Our Management does not have the capacity to conduct exhaustive due diligence of
a target business as might be undertaken by a venture capital fund or similar
institution. As a result, management may elect to merge with a target business
which has one or more undiscovered shortcomings and may, if given the choice to
select among target businesses, fail to enter into an agreement with the most
investment-worthy target business.

Following a business combination we may benefit from the services of others in
regard to accounting, legal services, underwritings and corporate public
relations. If requested by a target business, management may recommend one or
more underwriters, financial advisors, accountants, public relations firms or
other consultants to provide such services.
                                       11
<PAGE>

A potential target business may have an agreement with a consultant or advisor,
providing that services of the consultant or advisor be continued after any
business combination. Additionally, a target business may be presented to us
only on the condition that the services of a consultant or advisor are continued
after a merger or acquisition. Such pre-existing agreements of target businesses
for the continuation of the services of attorneys, accountants, advisors or
consultants could be a factor in the selection of a target business.

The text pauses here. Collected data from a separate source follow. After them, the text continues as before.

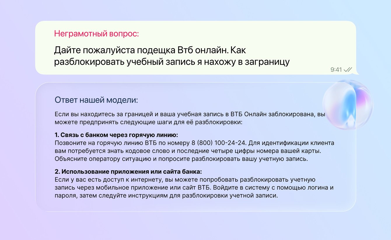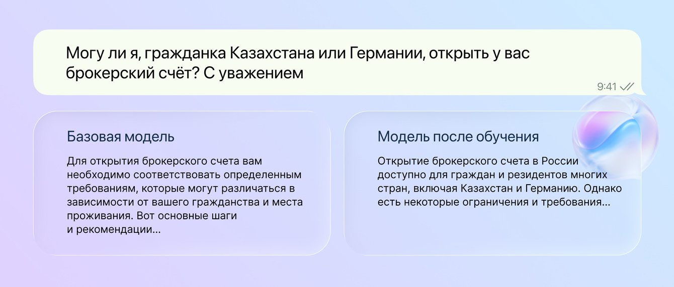 Результат: модель стала лучше понимать финансовые вопросы и давать ответы, актуальные именно для российского пользователя.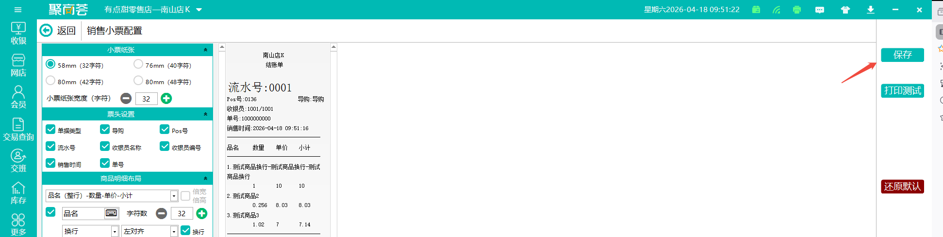 二、前台重新保存收银小票模板(前台需升级到7.1或以上版本)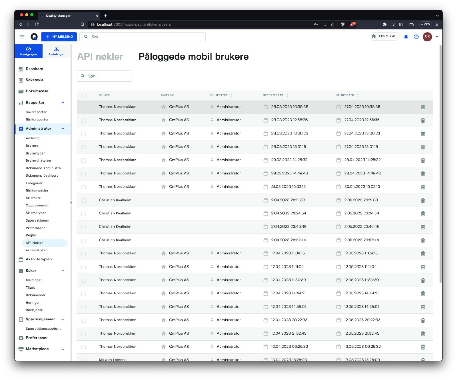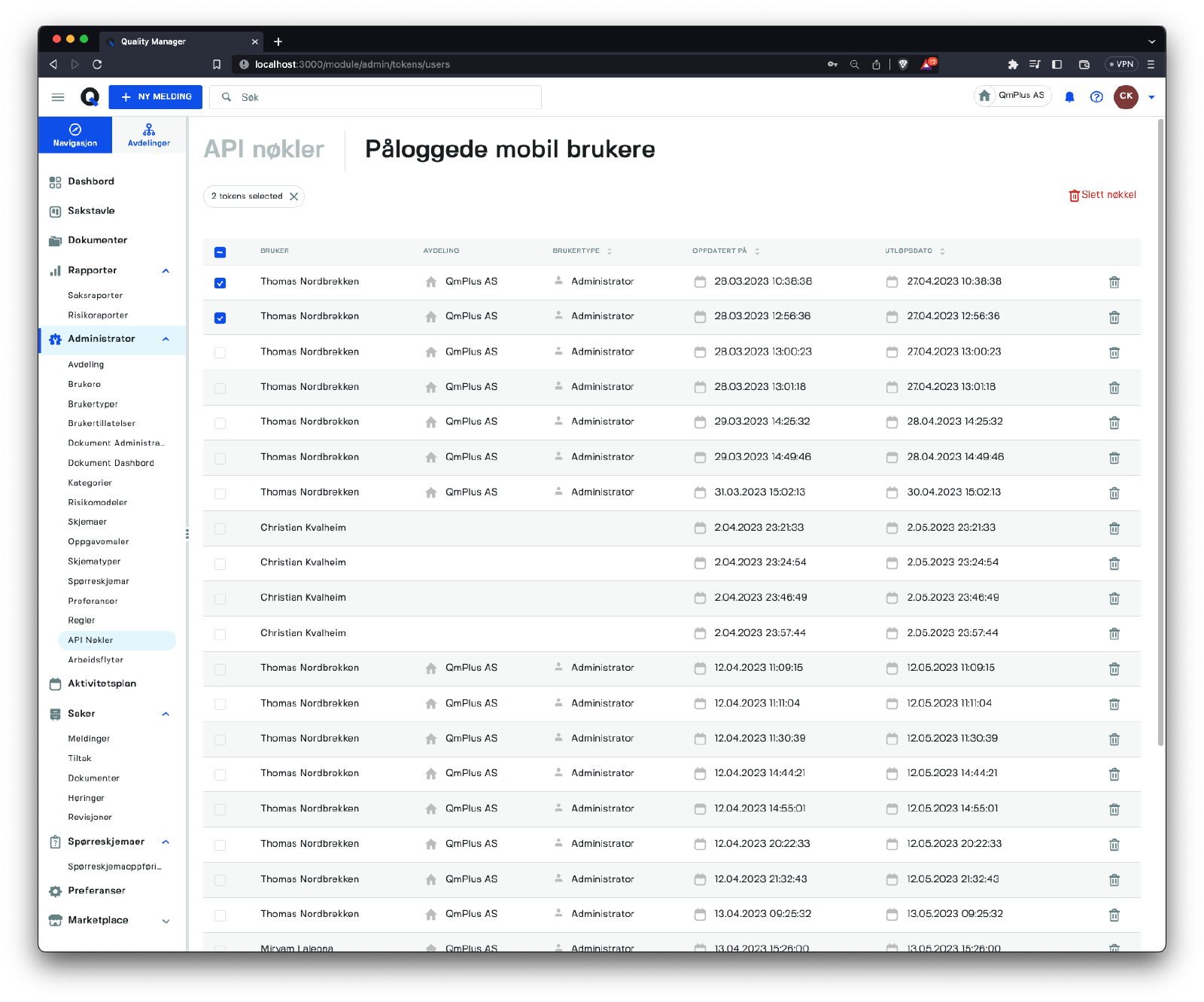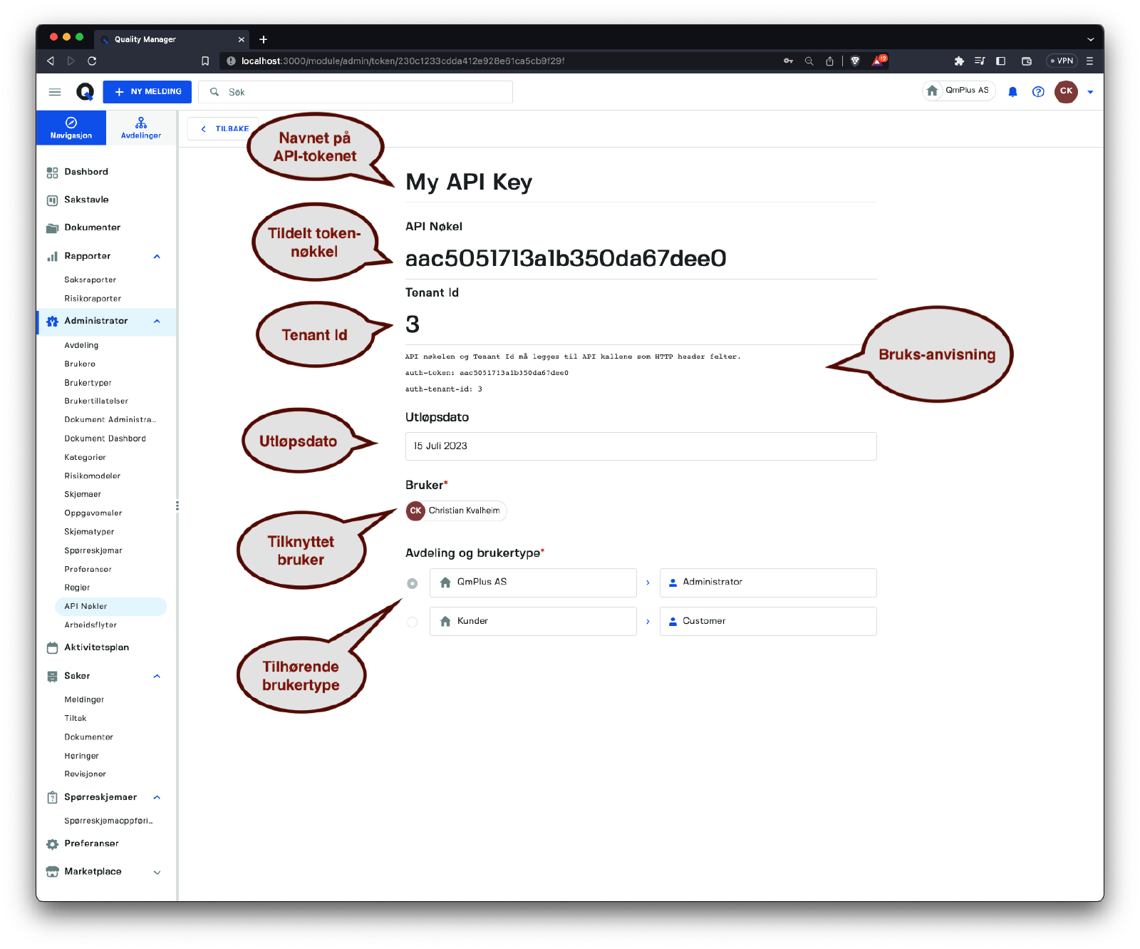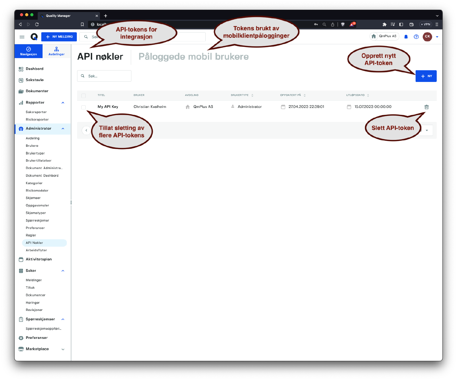 API Tokens | Tokens som brukes til å integrere med systemet ved hjelp av eksterne applikasjoner eller kode. |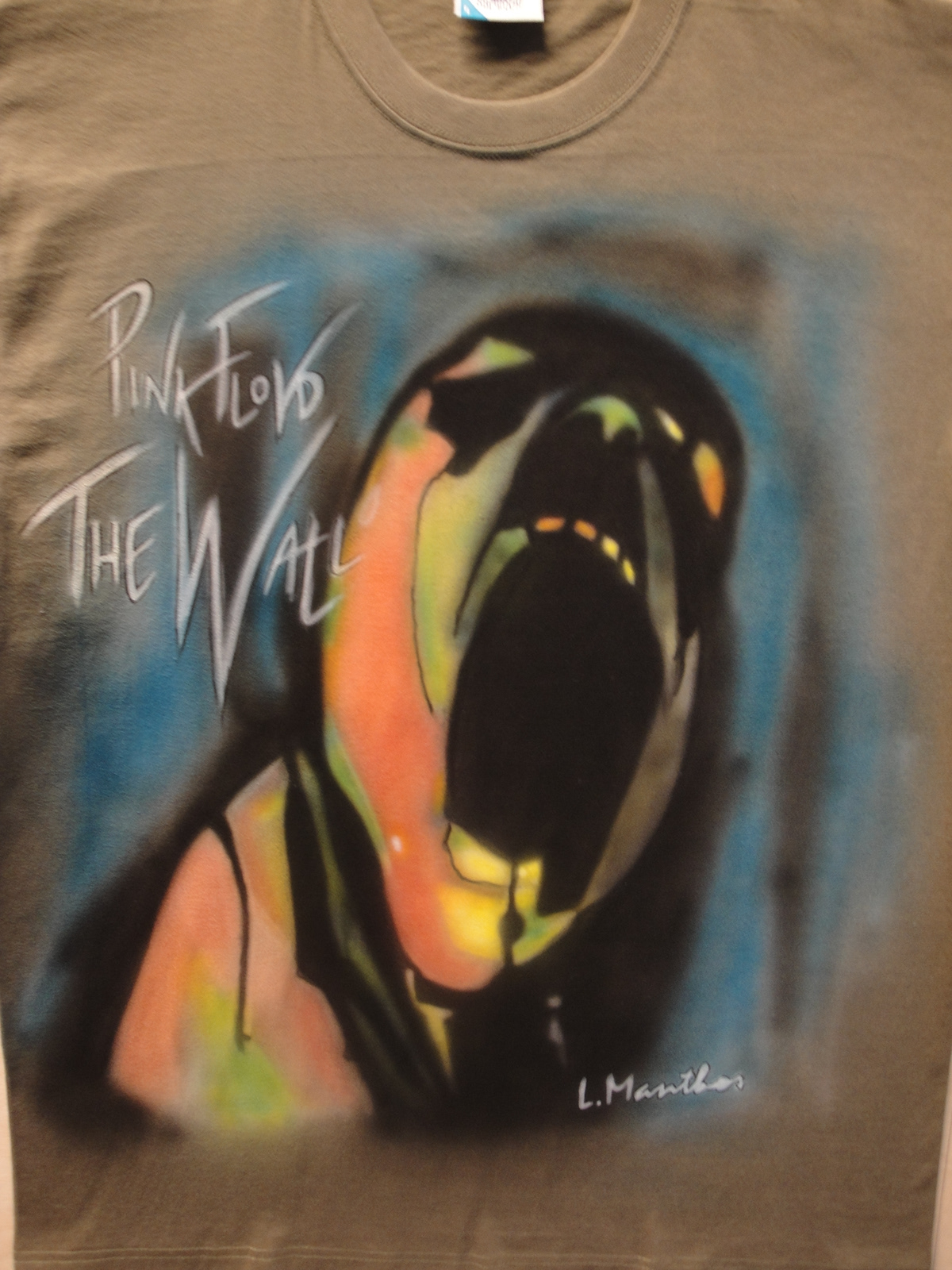 This powerful design features a hand-airbrushed tribute to Pink Floyd’s The Wall, capturing the raw emotion of the iconic screaming face. With bold colors, dramatic shading, and striking detail, the artwork brings rock history to life, making this shirt a must-have for music fans and lovers of custom art.

In implementing a structure for a particular business acquisition, we may become
a party to a merger, consolidation, reorganization, joint venture, or licensing
agreement with another corporation or entity. We may also acquire stock or
assets of an existing business. On the consummation of a transaction, our
present management and stockholders may no longer control the Company. In
addition, it is likely that our officers and directors will, as part of the
terms of the acquisition transaction, appoint one or more new officers and
directors.

It is anticipated that any securities issued in any such reorganization would be
issued in reliance upon an exemption from registration under applicable federal
and state securities laws. In some circumstances however, as a negotiated
element of a transaction, we may agree to register all or a part of such
securities immediately after the transaction is consummated or at specified
times thereafter. If such registration occurs, of which there can be no
assurance, it will be undertaken by the surviving entity after we have entered
into an agreement for a business combination or have consummated a business
combination. Although there can be no assurance that a market for our common
stock will develop or be sustained, the issuance of additional securities and
their potential sale into any trading market may depress the market value of our
securities in the future.

While the terms of a business transaction to which we may be a party cannot be
predicted, it is expected that the parties to the business transaction will
desire to avoid the creation of a taxable event and thereby structure the
acquisition in a tax-free reorganization under Sections 351 or 368 of the
Internal Revenue Code of 1986, as amended.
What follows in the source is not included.